哲学とは西洋に独特な思考方法であり、なにも普遍的な思考の枠組みではない。したがって、日本人をはじめとした非・西洋文化圏の人たちが哲学的な思考様式に馴染めないことは当たり前である。
著者が第一章で指摘する上記のような主張に触れて、目から鱗が何枚も落ちるような思いであった。哲学というものに大学受験の頃から好んでかじってきたが、本書を読んで、自身が曲解していた部分やそもそも理解できていない部分が多いことに改めて気づかされた。著者は日本に西洋流の哲学がなかったことを積極的に捉えた上で、ニーチェを祖とする反哲学というアプローチの可能性を述べている。
では反哲学とはなにか。「反」というからには、哲学とはなにかについても合わせて述べねばならないだろう。
著者は、哲学とは超自然的思考でありソクラテス/プラトンからヘーゲルまでの潮流であるとしている。それに対して、反哲学とは自然的思考でありソクラテス/プラトンより前の時代とニーチェ以降の潮流である、とする。
前者は自然と人間とを対立的に捉え、自然を超克すべき対象としているのに対して、後者は人間を自然の一部として包摂されたものとして捉えている。そうした捉え方は日本人のアプローチと近いと言えるだろう。実際に著者は、松尾芭蕉が自然を「造化」と呼び、人間は「造化にしたがひ、造化にかへる」としている部分を引用し、その近似性について指摘している。しっくりとくる例証であると言えるだろう。
では、ソクラテス/プラトン以降の西洋哲学が思想的に全く同じかというと、そういうわけではない。要約すればその流れは三つに大別され、それぞれの思想とキリスト教との関連性を捉えると違いが明瞭になる。
一つめはプラトンおよびその思想を引き継いだアウグスティヌスである。プラトンのイデア論を背景に厳格な政教分離を目指したのがアウグスティヌスであり、彼は「神の国」と「地の国」とを峻別することを説いている。その峻別は、政治と宗教だけではなく、信仰と知識、精神と肉体とを分けるアプローチにも繋がっていると言えるだろう。
それに対して、政教を結びつけることを正当化したのがプラトンの弟子であるアリストテレスと、その思想を継承したトマス・アクィナスである。アリストテレスがプラトンのイデア論を批判したように、教会をイデアとして捉えるのではなく、世俗の諸権力とを連続的に捉えようとしたのである。したがって、彼らの思想を背景として教会による国家への介入は正当化されることとなった。

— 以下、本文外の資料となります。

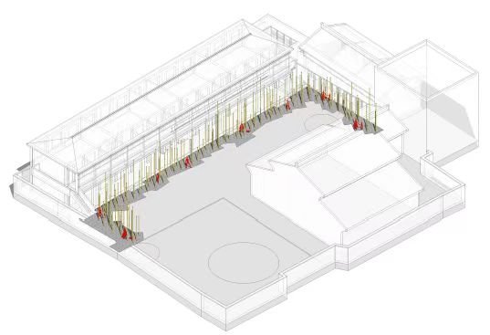 從歷史性到共時(shí)性: 歷史性建筑適應(yīng)性改造設(shè)計(jì)策略研究 ——以漳州古城比干廟為例 張健 摘要:以漳州古城重要的國(guó)家級(jí)文保建筑——比干廟的保護(hù)與利用為研究契機(jī),從基地特有的歷史文化和場(chǎng)所條件分析入手,通過(guò)漳州地方特有綠色植物“竹”的運(yùn)用,形塑與時(shí)俱進(jìn)的“共時(shí)性場(chǎng)境”,對(duì)歷史建筑進(jìn)行適應(yīng)性改造,并探討了其在豐富城市生活、傳承地方文化、激發(fā)社區(qū)商業(yè)活力等方面的巨大現(xiàn)實(shí)意義與可行性,為漳州古城未來(lái)的城市發(fā)展提供了新的視角與實(shí)踐參考。 關(guān)鍵詞:歷史建筑;比干廟;適應(yīng)性改造 漳州古城始建于唐代,至今已有1300余年的歷史。豐厚的歲月積淀、鮮明的歷史烙印,使古城格局、街巷肌理與建筑風(fēng)貌別具特色,加之原住民日常生活的點(diǎn)點(diǎn)滴滴,構(gòu)成了一個(gè)完整圖景,使其成為折射中國(guó)閩南文化最為典型的地方之一,具有重要的保護(hù)與研究?jī)r(jià)值。 漳州古城比干廟(以下簡(jiǎn)稱“比干廟”)位于漳州薌城區(qū)振成巷內(nèi),始建于宋代晚期,是漳州七縣林姓氏族合建的大宗祠,里面原供奉著中華林氏始祖比干,也是古時(shí)漳邑林氏宗族赴考往來(lái)生員的接待處。明代崇禎時(shí)期,在大學(xué)士林釬的提議下,進(jìn)行過(guò)補(bǔ)充建設(shè),購(gòu)地建“群英堂”“世美堂”。1937年,日機(jī)轟炸漳州城,比干廟正廳被炸損一側(cè)屋角?!拔母铩鼻埃雀蓮R尚基本保存完整,但“文革”期間遭受嚴(yán)重破壞,廟宇的前后進(jìn)和東西兩廡被拆除,改建為幼兒園和學(xué)校,僅中殿“忠孝堂”作為華南小學(xué)的辦公室和倉(cāng)庫(kù)使用。 歷經(jīng)千年的比干廟,有著豐厚的考古研究及歷史文化價(jià)值。2006年7月,入選第六批全國(guó)重點(diǎn)文物保護(hù)單位?,F(xiàn)僅存中進(jìn)四方殿和東廂與主體相連的回廊,具有宋元典型特征,其梁架斗拱等構(gòu)造體現(xiàn)了早期南北派建筑融合的特點(diǎn)。廟內(nèi)曾高掛明清狀元、探花牌匾,如今是弘揚(yáng)比干文化及林氏家族文化的重要場(chǎng)所,也是漳臺(tái)兩岸林氏共同的祖祠。漳州古城比干廟已被納入漳州古城“一中軸四板塊七街區(qū)”的歷史人文板塊,成為古城文化旅游的重要組成部分。 漳州古城改造上位規(guī)劃《漳州市唐宋子城(臺(tái)灣路-香港路)歷史文化街區(qū)保護(hù)規(guī)劃(2015-2030)》于2015年獲批,規(guī)劃涵蓋臺(tái)灣路、香港路等區(qū)域,有利推動(dòng)保護(hù)街區(qū)的歷史風(fēng)貌、文化遺產(chǎn)等,推動(dòng)古城的保護(hù)性開(kāi)發(fā)。在古城改造的上位規(guī)劃中,提出了政府引導(dǎo)與古城居民自覺(jué)參與相結(jié)合的雙向發(fā)展模式。其中,通過(guò)社區(qū)營(yíng)造激勵(lì)古城的活態(tài)發(fā)展,鼓勵(lì)將現(xiàn)存的各類歷史建筑轉(zhuǎn)變?yōu)椤敖纸遣┪镳^”,在保留古城歷史記憶的同時(shí),融入新的生活體驗(yàn),成為漳州古城重要的適應(yīng)性改造策略。這就要求歷史建筑能不斷適應(yīng)新時(shí)期的功能要求,并為居民提供富有時(shí)代特點(diǎn)的人文感受。為了深入探究這一過(guò)程,本次研究將選取最具代表性的古城保護(hù)建筑——比干廟,進(jìn)行詳細(xì)策劃與設(shè)計(jì)研討,以期為未來(lái)古城發(fā)展提供有益的參考和啟示。 圖1 比干廟現(xiàn)狀 一、保護(hù)價(jià)值與定位 對(duì)于具有保護(hù)價(jià)值的歷史建筑,嘗試把保護(hù)內(nèi)容從單純地保留歷史場(chǎng)所,轉(zhuǎn)變成置入新的時(shí)代功能與活動(dòng),讓歷史建筑與時(shí)代同頻發(fā)展,把保護(hù)建筑從“歷史性場(chǎng)所”逐步轉(zhuǎn)換成“共時(shí)性場(chǎng)境”。 (一)保護(hù)價(jià)值 本次適應(yīng)性改造項(xiàng)目,選取的地塊為國(guó)家級(jí)文物保護(hù)單位比干廟所在的院落(圖2)。 院子為三進(jìn)帶東西兩廡式的平面布局,現(xiàn)僅存中進(jìn)四方殿和東廂與主體相連的回廊。院中的比干廟主殿具有濃郁閩南特色,始建年代不詳,總建筑面積合計(jì)271.71m2。是漳州歷代崇文重教的歷史見(jiàn)證,是福建省具有較高歷史、科學(xué)、藝術(shù)研究?jī)r(jià)值的古建筑文物之一。 建筑價(jià)值:比干廟不僅有豐厚的歷史文化底蘊(yùn),其建筑本身即是一座難得的有較高考古研究?jī)r(jià)值的古建文物。比干廟內(nèi)部采用木質(zhì)結(jié)構(gòu),保持著宋法式的營(yíng)造特征。其建筑風(fēng)格獨(dú)特,融合了閩南地區(qū)特有的元素,如飛檐翹角、精美石雕、彩繪木雕等,展現(xiàn)著中國(guó)古代建筑的精湛技藝。廟宇的主體建筑包括山門(mén)、前殿、正殿和后殿,每部分都有獨(dú)特的裝飾細(xì)節(jié),值得細(xì)細(xì)品味。 地段價(jià)值:院落靠近漳州古城西入口及游客中心,南臨洋老巷,北倚振成巷,是游客感受閩南傳統(tǒng)建筑風(fēng)情的開(kāi)始,也是展示民俗特色的起點(diǎn)。 現(xiàn)存問(wèn)題:現(xiàn)存建筑自1937年起多次遭受損壞,被列為國(guó)家級(jí)文物保護(hù)單位后,通過(guò)恢復(fù)手段修葺一新。但修繕后的院落,圍墻高聳,空間封閉,存在重保護(hù)、輕利用的現(xiàn)象,使建筑遺產(chǎn)陷入維

その結果として、15世紀以降に世俗権力との過度な結びつきにより堕落したキリスト教を改革する、と主張したのがルターやカルヴァンである。彼らの思想の背景にはプラトンやアウグスティヌスの哲学が流れていることは自明であろう。つまり、プロテスタンティズムにはプラトンやアウグスティヌスの思想が背骨になっていると考えることは邪推ではないだろう。
このように、キリスト教史を紐解くと、プラトンとアウグスティヌス、アリストテレスとトマス、という二つの潮流による覇権争いが行なわれていると解釈できる。
こうした二つの潮流はいずれも神による視点であり、もっと人間の視点を重視することが大事ではないか、としたのがデカルトである。なにが存在しなにが存在しないかを決定する役割を「人間理性」が果たすとしたのである。これを端的に示したのが彼の有名な「私は考える、ゆえに私は存在する」である。デカルトをもって西洋近代精神の誕生とみなすことが多いのは、自然超克の思想が強固になったことを意味するのではないだろうか。
と、ここで考えねばならないのが、先週のブログで取り上げたサンデルである。サンデルはコミュニタリアニズムの萌芽をアリストテレスに求めており、これは超自然的思考と形容される系譜にあるのは間違いない。他方で、サンデルの主張は非西洋圏での親和性が高いことを考えると、自然を超克するという発想が強いようには思えない。私たちがサンデルを読む際には、彼が自然をどのように捉えているのかについて仔細に見る必要があるだろうが、私の解釈では、彼の政治哲学は反哲学の系譜に位置づけられるのではないだろうか。
先々週から今回まで、三週に渡って哲学に関する書籍を取り上げてきた。来週は気分を新たにしてビジネス書を取り上げる予定である。おそらくは、『ザッポス伝説』を扱うことになるだろう。